> I have seen X Run on a 386DX/33 w/ 8mb RAM and it was acceptable. No
> speed demon, but certianly useable.
>
> I could see an XT/286 possibly running X, if the server, even, were
> running on another machine. This would require some sort of networked X
> server... Where EVERYTHING is kept in RAM on a BigLinux box, and ONLY the
> info being displayed to the screen is transmitted over the network to an
> ELKS machine. The ELKS machine would be a truely dumb X Terminal--not
> keeping any fonts, window parameters, etc, in memory at all. Display only
> what it's given over the network.
I've been wondering about this also. Any x terminal has limits on how
many resources it can handle, so what is the minimum amount that is required?
If an x command references a resource which has been dropped can't it just
re-request it? So in the limit couldn't it re-request it every time it
needs it?
What if a "shim" could be written on the client-side to pre-chew the
x protocol and slim it down somehow - represent more complex graphics
in terms of plain old line segments, replace all fonts with one of 2 or 3
choices guaranteed to be on the server, convert images to the number
of colors supported by the server, that sort of thing? I mean what else
is there besides vector graphics, raster graphics, text, and event traffic?

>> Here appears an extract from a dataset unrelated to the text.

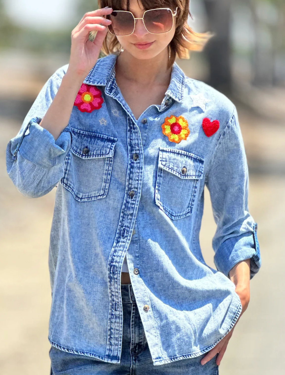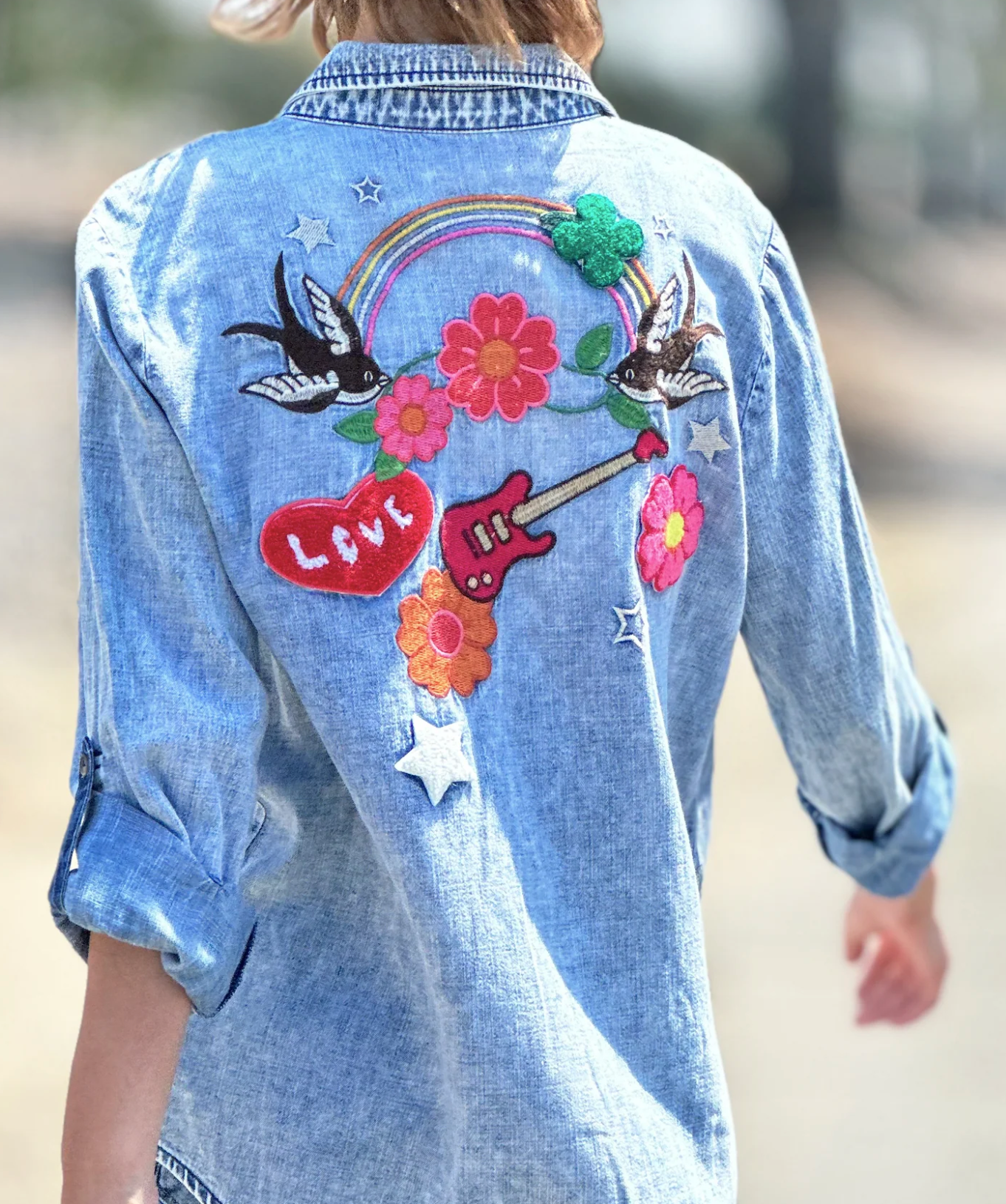 Birds of a Feather flock together, in this gorgeous summer-fest inspired classic denim shirt, with button pockets and sleeves.

My context (and main reason for lurking on this list) is that I have some
386 touchscreens with 2 megs RAM each that I want to eventually make
useful. VNC would do, actually, and is much lighter-weight, as soon as
I can figure out how to boot Linux and run SVNC in 2 megs. :-) I'm also
thinking of doing an OS-less version of VNC, in which case a small TCP/IP
implementation would be very useful. A web browser would also do, but I
have tried arachne and it is too slow. A BBS graphics protocol like RIP
might also work but that is a strange crowd to deal with. I guess there were
once simpler Unix graphics standards like Tektronics, and mwm(?) or
something like that but these are fading into obscurity. I've never
seen clients for these but I have seen terminal programs that had Tek
graphics support so it must be pretty simple.